_What you will do_: Return all of the data exactly as written, without the pictures.

_Information shown_:
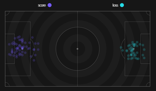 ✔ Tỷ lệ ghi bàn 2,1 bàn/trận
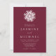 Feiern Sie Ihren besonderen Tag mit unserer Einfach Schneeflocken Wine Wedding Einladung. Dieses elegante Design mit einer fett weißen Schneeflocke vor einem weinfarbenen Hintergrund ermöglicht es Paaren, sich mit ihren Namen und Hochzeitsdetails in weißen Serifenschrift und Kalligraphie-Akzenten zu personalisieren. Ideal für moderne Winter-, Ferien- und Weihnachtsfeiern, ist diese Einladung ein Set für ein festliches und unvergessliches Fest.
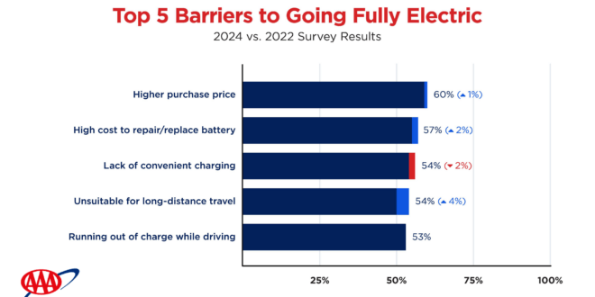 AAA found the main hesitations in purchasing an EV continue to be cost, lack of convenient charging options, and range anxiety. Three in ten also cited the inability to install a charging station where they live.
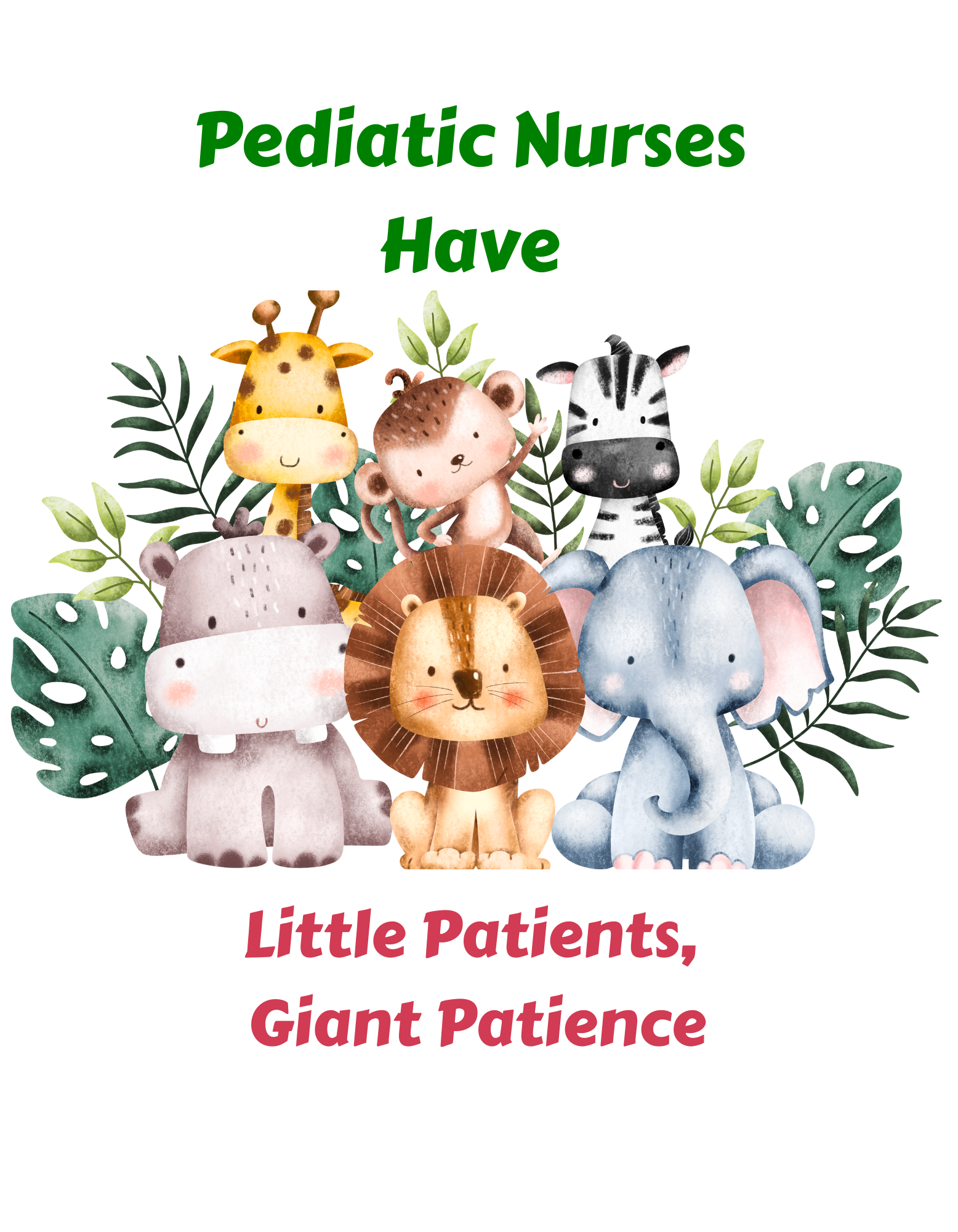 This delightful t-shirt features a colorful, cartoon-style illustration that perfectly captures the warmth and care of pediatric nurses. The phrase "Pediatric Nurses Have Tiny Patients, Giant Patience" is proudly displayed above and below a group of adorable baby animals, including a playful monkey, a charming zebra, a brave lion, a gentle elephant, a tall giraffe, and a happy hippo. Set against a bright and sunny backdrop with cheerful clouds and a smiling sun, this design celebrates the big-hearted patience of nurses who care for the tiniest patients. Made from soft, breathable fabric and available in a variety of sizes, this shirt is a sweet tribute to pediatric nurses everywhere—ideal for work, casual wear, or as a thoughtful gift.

_Response area_:
 ✔ Tỷ lệ ghi bàn 2,1 bàn/trận
 Feiern Sie Ihren besonderen Tag mit unserer Einfach Schneeflocken Wine Wedding Einladung. Dieses elegante Design mit einer fett weißen Schneeflocke vor einem weinfarbenen Hintergrund ermöglicht es Paaren, sich mit ihren Namen und Hochzeitsdetails in weißen Serifenschrift und Kalligraphie-Akzenten zu personalisieren. Ideal für moderne Winter-, Ferien- und Weihnachtsfeiern, ist diese Einladung ein Set für ein festliches und unvergessliches Fest.
 AAA found the main hesitations in purchasing an EV continue to be cost, lack of convenient charging options, and range anxiety. Three in ten also cited the inability to install a charging station where they live.
 This delightful t-shirt features a colorful, cartoon-style illustration that perfectly captures the warmth and care of pediatric nurses. The phrase "Pediatric Nurses Have Tiny Patients, Giant Patience" is proudly displayed above and below a group of adorable baby animals, including a playful monkey, a charming zebra, a brave lion, a gentle elephant, a tall giraffe, and a happy hippo. Set against a bright and sunny backdrop with cheerful clouds and a smiling sun, this design celebrates the big-hearted patience of nurses who care for the tiniest patients. Made from soft, breathable fabric and available in a variety of sizes, this shirt is a sweet tribute to pediatric nurses everywhere—ideal for work, casual wear, or as a thoughtful gift.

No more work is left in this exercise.